İbrahim Karagül: “Batı’nın nihai amacı İslam’ın en kutsal merkezleri olan Mekke ve Medine’de bir imha harekâtıdır.”

İbrahim Karagül ile yeni kitabı Tanklar Kâbeye Dayanmadan üzerinden Batı’nın küresel istilasını, Orta Doğu’daki kaotik düzeni ve o düzenin aktörlerini, Türkiye’nin bu süreçte üstlendiği rolü ve Fırat Kalkanı ile Zeytin Dalı operasyonlarının önemini konuştuk.

İslam, Batı’nın yüzyıllardır devam eden sömürgesine karşı çok ciddi bir muhalefet dili üretti. Yeryüzünde başka bir medeniyetin Batı’nın küresel hâkimiyetine karşı ürettiği bir muhalefet dili yok. Dil sadece bu coğrafyada üretiliyor.

SÖYLEŞİ: ARDA AREL

Kitabınız 6 bölümden oluşuyor Küresel İstila ile başlayıp Acımasız Direniş ile bitiyor. Son 12 yılı kapsayan bu çalışma, sizce öngörülenden gerçeğe ne ölçüde dönüştü?

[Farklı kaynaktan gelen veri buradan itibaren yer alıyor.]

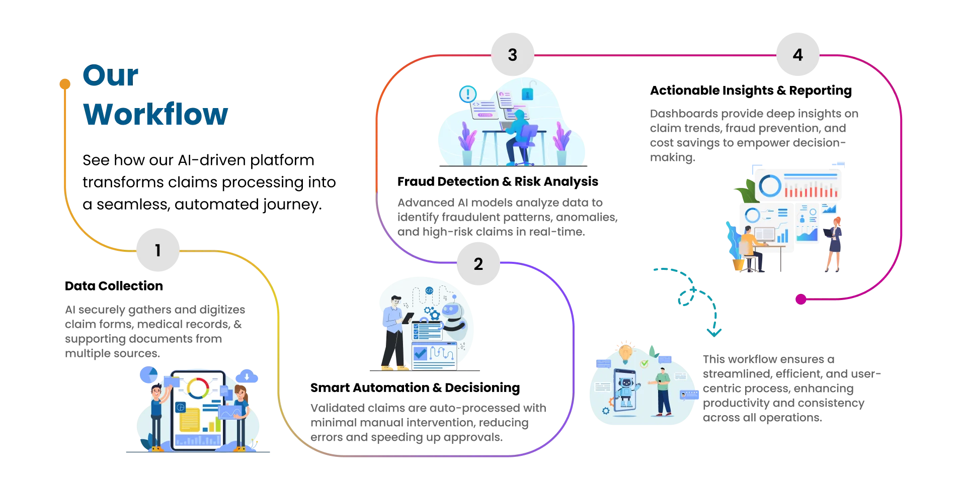 Leveraging AI-powered automation, we help insurers detect fraud in real time, policy portability, ensure accurate claim adjudication, speed up end-to-end processing, maintain regulatory compliance, and optimize costs across health and general insurance workflows.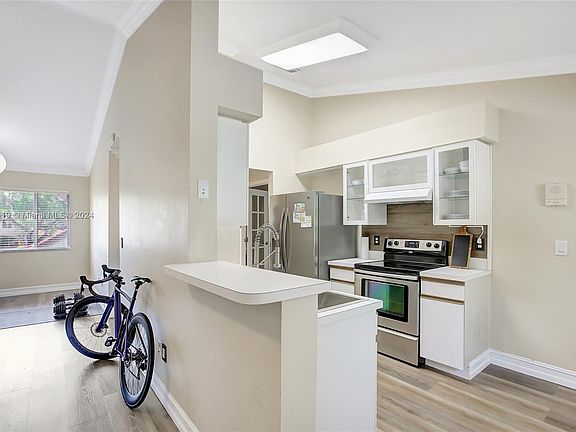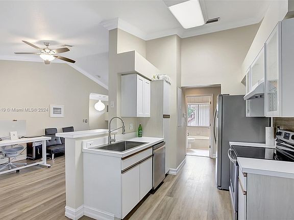 Discover this well-maintained, oversized one-bedroom, one-bathroom condo featuring a one-car garage and driveway. Nestled in the heart of Plantation, this charming coach-style condo is conveniently located near the newly developed Central Parc fine dining in the Midtown Plantation area. It boasts stainless steel appliances, in-unit washer and dryer, crown molding, vaulted ceilings, and an open-concept living space close to the community pool. The condo is equipped with complete hurricane accordion shutters for peace of mind. It also offers a spacious walk-in closet and additional side-by-side closet space in the bedroom. Its prime location offers close proximity to Sawgrass Mall and easy access to major highways. Come for a showing and make this your new home.
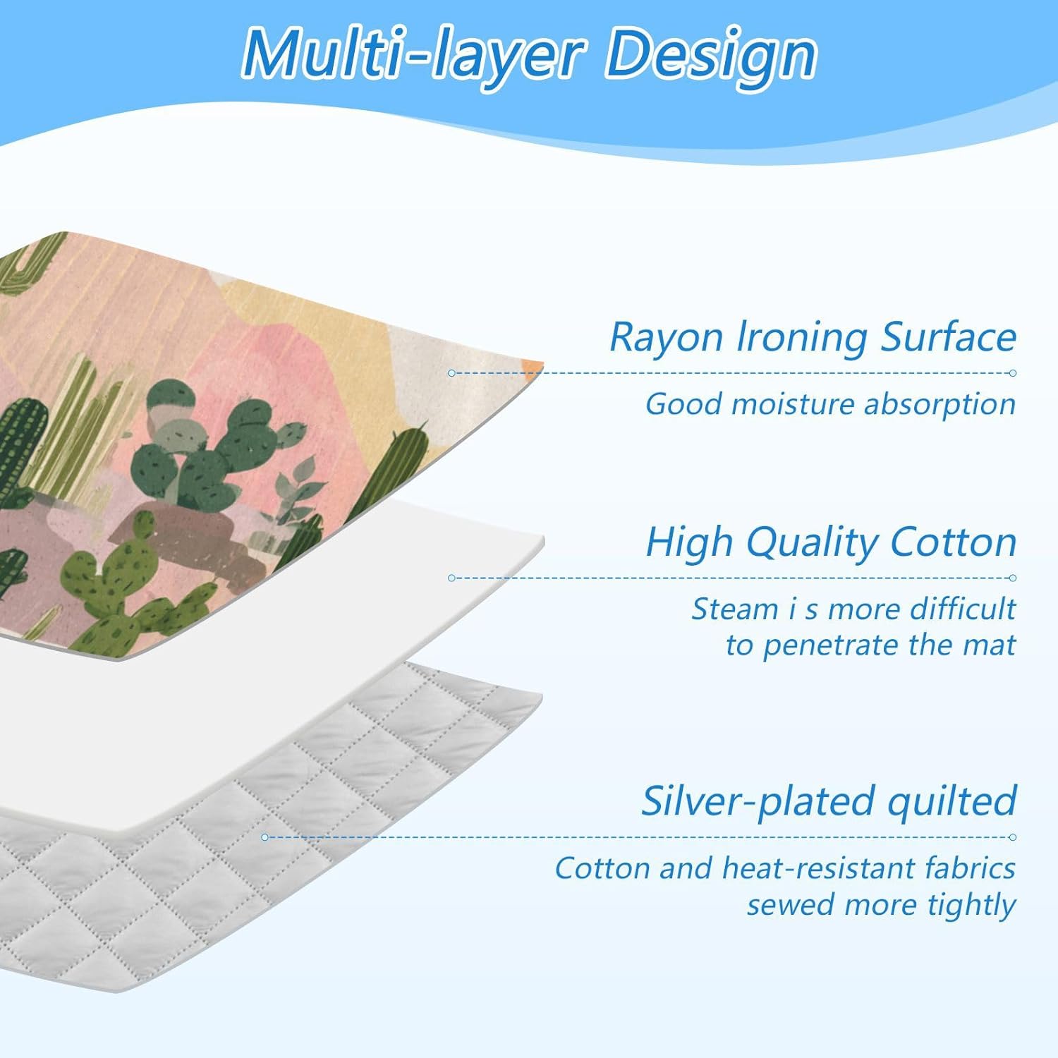 - Material: The ironing mat for table top has 3 layers, rayon ironing surface + high quality cotton + silver-plated quilted fabric, making it durable to use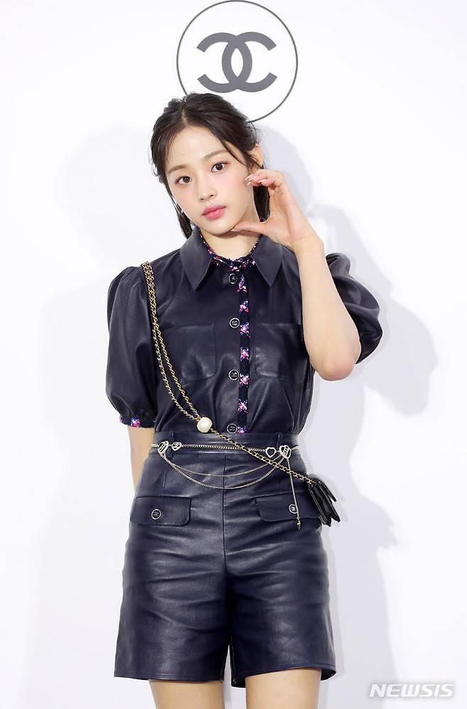 [서울=뉴시스] 김혜진 기자 = 그룹 뉴진스 민지가 23일 오후 서울 성동구 인근에서 열린 샤넬 루쥬 알뤼르 팝업 행사에서 포즈를 취하고 있다. 2024.04.23. jini@newsis.com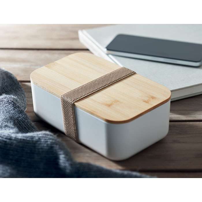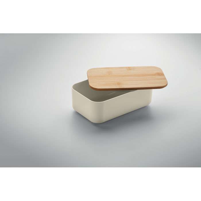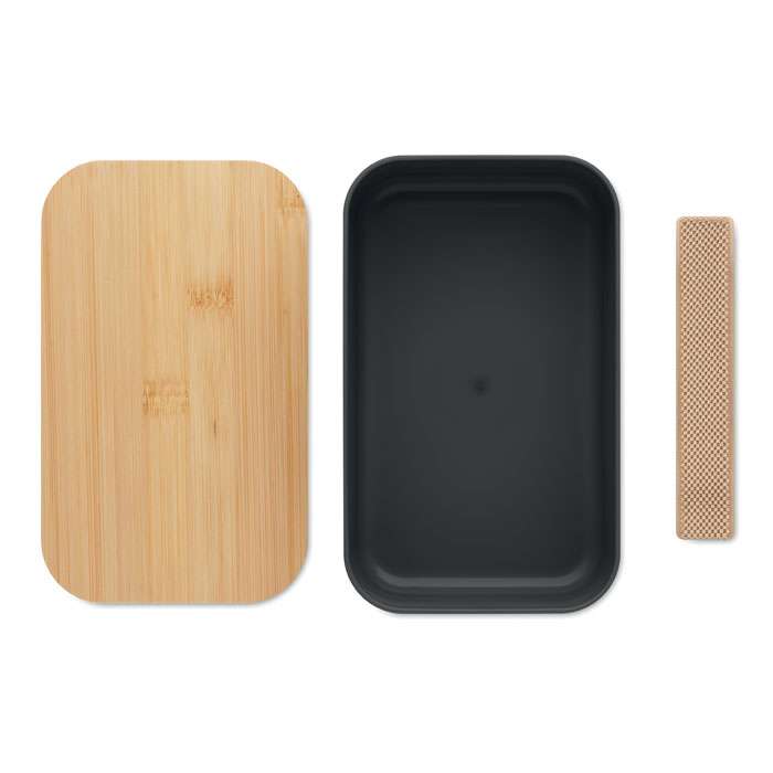 Matlåda av PLA-majs med lock av bambu och med elastiskt band. Volym: 1000 ml.

Buradan kendime pay çıkarmayayım. Ben bölgeyi, coğrafyayı günü gününe izlerim. 15-20 yıldır izlemekteyim, bunun verdiği bir okuma biçimi var. Ve bu okuma biçimi -açık söyleyeyim- beni pek yanıltmadı. Hemen hemen öngörülerimin çoğu doğru çıktı. İyi okumalar yaparsanız, doğru sonuçlara ulaşırsınız. Enformatik dayatmaları bir tarafa atar ve güç haritaları üzerinden, hesaplar ve projeler üzerinden bölgeyi okursanız zaten doğru sonuçlara ulaşırsınız. Ben öngördüğüm şeyler üzerinde yanılmadım. Yanıldığım şey sadece zamanlama oldu. Ben bir yıl sonra olur dedim ama üç yıl sonra oldu; iki yıl sonra olur dedim bir yıl sonra oldu. Onun dışında, mesela Irak’ın parçalanmasından, Afganistan’ın işgaline, Suriye savaşının nedene. Bunu Türkiye cephesini açmak için yapıyorlar, ta o zaman yazdık, konuştuk bunları. 11 Eylül sonrası, Soğuk Savaş sonrası Batı’nın İslam’la hesaplaşması ve aslında bunun nasıl bir mücadele olduğunu… Hepsini tartıştık, dolayısıyla bugünlerde olan hiçbir şey beni şaşırtmıyor artık.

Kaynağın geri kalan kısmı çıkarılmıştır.